I'm trying to figure out the phrasing for the word favorite as in asking the question what is your favorite food? I come up with different words "kedvenc" and "favorie". Am I using the proper word order? 
Mi a kedvenc ételed
Mi a kedvenc színe
Mi az a favorie-dal
ki az a kedvenc énekese?


----------



## bibax

Sing.
*Mi a kedvenc ételed?
Neked mi a kedvenc ételed?*

*Mi a legkedvencebb ételed?* (_*legkedvencebb*_ is superlative: the _*most favorite*_)

Plur.
*Mi a kedvenc színetek?
Nektek mi a kedvenc színetek?*

Polite form:
*Mi a kendvenc filmje?
**Önnek mi a kedvenc bora?* 
*Magának mi a kedvenc fagyija?

*About persons (ki? = who?):*
Ki a kedvenc magyar énekesed, íród, költőd, festőd, zeneszerződ,  ...?
Ki a kedvenc amerikai színésze, filmrendezője, ...?* (polite form)


----------



## gorilla

Right, but "legkedvencebb" is very unusual. It is used sometimes as a quick Google search shows, but it is weird. Just use "kedvenc".

"Mi a kedvenc..." - 2,000,000 hits
"Mi a legkedvencebb..." - 5,000 hits


----------



## bibax

It seems that *melyik* (= which) is also possible:

*(Neked) melyik a kedvenc évszakod?
*


----------



## tomtombp

Agree that legkedvencebb is uncommon, I have never heard it. It even sounds funny to me.

Bibax, you were right to put "neked" in parentheses, it's redundant. Agree that "melyik" also works, a bit more elegant and formal?

don't know hungarian, please note that "favorie" is not a Hungarian word.


----------



## bibax

tomtombp said:


> Agree that legkedvencebb is uncommon, I have never heard it. It even sounds funny to me.


It is strange as the superlative "most favourite" works well in many languages. There is even a difference in meaning.

What are your favourite books?
...
And which one is your most favourite?

Mik a kedvenc könyveid?
...


----------



## tomtombp

bibax said:


> It is strange as the superlative "most favourite" works well in many languages. There is even a difference in meaning.
> 
> What are your favourite books?
> ...
> And which one is your most favourite?
> 
> 
> Mik a kedvenc könyveid?
> ...


If we want to force a superlative then:
Melyik (könyv) a legnagyobb kedvenced?

But I think that "kedvenc" in Hungarian covers both "favorite" and "most favorite" in English and no superlative exists. You can imply which meaning you mean by using singular or plural.

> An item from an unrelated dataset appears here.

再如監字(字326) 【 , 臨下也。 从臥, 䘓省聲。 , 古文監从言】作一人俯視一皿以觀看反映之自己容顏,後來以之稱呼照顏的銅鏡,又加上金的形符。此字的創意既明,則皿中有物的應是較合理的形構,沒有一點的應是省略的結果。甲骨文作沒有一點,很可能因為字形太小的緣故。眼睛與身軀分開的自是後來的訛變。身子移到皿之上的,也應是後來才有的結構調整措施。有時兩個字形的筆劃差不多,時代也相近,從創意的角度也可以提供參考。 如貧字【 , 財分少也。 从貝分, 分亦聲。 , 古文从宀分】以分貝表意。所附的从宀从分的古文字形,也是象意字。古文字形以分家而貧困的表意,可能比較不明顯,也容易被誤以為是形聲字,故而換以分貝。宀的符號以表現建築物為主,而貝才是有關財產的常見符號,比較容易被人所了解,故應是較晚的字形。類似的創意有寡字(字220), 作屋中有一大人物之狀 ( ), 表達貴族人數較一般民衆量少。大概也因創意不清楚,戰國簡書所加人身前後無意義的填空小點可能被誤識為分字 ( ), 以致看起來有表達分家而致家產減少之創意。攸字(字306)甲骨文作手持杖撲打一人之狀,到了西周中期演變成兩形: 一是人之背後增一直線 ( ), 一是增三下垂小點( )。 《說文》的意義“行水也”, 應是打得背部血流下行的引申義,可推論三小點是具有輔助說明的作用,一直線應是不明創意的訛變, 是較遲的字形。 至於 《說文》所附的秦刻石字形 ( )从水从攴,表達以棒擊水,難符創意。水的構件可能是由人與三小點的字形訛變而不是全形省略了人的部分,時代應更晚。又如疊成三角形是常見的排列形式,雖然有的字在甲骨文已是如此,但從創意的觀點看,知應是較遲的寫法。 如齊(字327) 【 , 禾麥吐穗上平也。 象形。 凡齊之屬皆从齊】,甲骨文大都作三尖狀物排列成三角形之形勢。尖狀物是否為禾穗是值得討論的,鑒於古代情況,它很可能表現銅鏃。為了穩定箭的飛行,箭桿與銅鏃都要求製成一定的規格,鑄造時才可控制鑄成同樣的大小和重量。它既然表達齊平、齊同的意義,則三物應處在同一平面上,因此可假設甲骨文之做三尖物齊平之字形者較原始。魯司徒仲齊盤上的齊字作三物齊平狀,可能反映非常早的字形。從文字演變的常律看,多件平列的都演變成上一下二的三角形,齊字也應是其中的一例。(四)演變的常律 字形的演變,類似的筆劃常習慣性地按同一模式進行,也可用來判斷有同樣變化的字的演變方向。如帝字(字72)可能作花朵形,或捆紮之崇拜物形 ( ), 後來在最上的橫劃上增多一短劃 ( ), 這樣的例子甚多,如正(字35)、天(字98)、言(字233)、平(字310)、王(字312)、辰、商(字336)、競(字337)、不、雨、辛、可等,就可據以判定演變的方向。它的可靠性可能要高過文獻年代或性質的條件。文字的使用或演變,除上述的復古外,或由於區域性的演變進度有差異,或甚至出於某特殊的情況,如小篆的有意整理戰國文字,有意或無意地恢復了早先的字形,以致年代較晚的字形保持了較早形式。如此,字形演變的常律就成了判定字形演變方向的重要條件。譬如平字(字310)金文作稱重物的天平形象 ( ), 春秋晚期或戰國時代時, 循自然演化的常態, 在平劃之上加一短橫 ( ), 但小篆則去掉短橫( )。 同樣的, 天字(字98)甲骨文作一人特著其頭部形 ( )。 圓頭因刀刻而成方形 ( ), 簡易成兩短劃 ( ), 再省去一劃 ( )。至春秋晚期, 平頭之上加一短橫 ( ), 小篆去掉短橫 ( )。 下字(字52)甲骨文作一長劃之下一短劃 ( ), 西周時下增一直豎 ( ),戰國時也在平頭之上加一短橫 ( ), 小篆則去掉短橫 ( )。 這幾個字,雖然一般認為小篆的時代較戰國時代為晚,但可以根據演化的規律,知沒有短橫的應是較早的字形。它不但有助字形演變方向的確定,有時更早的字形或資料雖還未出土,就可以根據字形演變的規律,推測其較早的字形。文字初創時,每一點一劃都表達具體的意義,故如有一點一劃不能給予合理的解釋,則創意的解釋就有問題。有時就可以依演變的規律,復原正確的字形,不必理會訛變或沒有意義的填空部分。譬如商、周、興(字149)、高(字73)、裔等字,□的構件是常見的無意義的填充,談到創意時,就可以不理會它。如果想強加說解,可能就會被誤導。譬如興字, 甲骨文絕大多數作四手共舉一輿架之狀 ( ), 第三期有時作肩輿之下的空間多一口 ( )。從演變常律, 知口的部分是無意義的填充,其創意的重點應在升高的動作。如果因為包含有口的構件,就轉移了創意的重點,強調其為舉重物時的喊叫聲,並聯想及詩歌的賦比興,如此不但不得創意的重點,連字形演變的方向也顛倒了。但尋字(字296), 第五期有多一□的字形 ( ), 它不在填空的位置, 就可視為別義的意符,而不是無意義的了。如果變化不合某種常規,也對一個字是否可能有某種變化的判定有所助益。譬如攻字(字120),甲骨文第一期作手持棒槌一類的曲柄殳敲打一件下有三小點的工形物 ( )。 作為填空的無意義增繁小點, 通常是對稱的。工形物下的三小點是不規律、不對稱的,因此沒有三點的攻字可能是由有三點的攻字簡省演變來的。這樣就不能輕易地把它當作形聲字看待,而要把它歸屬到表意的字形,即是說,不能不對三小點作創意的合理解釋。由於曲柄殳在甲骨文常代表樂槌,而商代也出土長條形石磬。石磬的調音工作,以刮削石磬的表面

Edit: This can work in English too.

"Mik a kedvenc könyveid?" "What are your favorite books?"

"Mi/Melyik a kedvenc könyved?" "What/which is your most favorite book?" or "What/which is your favorite book?" (the second one is in singular, similarly to the Hungarian)


----------



## gorilla

bibax said:


> It is strange as the superlative "most favourite" works well in many languages. There is even a difference in meaning.



I don't think there is a difference in meaning between

1. What is your favorite book?
2. What is your most favorite book?

"Most favorite" sounds to me like a super-superlative, like saying "the very very best". It's more emphasis but the meaning would be the same I guess.


----------



## Akitlosz

Legkedvencebb is unusual, but not incorrect, correct.

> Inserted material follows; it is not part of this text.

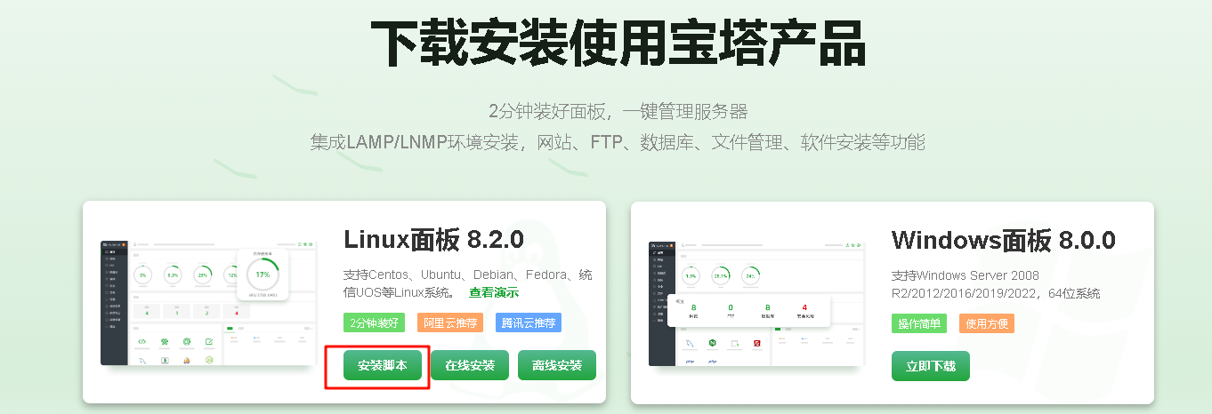 宝塔面板 - 简单好用的Linux/Windows服务器运维管理面板 (bt.cn)

Legeslegkedvencebb is more unusual, but still correct.


----------



## bibax

gorilla said:


> "Most favorite" sounds to me like a super-superlative, like saying "the very very best". It's more emphasis but the meaning would be the same I guess.


It is similar to *"optimális"* vs. *"legoptimálisabb"* (optimal, the most optimal). Essentially both words means "the best". However many languages (including Hungarian and Czech) commonly use the superlative. Usually you use it when somebody gives you more than one optimal possibility.

*Mi az optimális megoldás?* = What is the optimal solution?
*Mi a legoptimálisabb megoldás?* = What is the most optimal solution?

Simply: *Mi a legjobb megoldás?* = What's the best solution?


----------



## francisgranada

I agree with all of you ...  I.e. _legkedvencebb _is really unusual (or a bit weird  ...).  At the same time I don't think that it should be considered necessarily incorrect ... However, _kedvenc _is rather a _noun  _and not an _adjective _(eventhough no formal disticntion exists in Hungarian). Perhaps, this is the explanation of the dilemma.


----------



## gorilla

francisgranada said:


> However, _kedvence _is rather a _noun  _and not an _adjective _(eventhough no formal disticntion exists in Hungarian). Perhaps, this is the explanation of the dilemma.



Very good observation! The -onc/-enc/-önc suffix usually creates nouns (újonc, küldönc, udvaronc), but probably over the years kedvenc became more like an adjective but still not to the point to be naturally used in comparative and superlative.


----------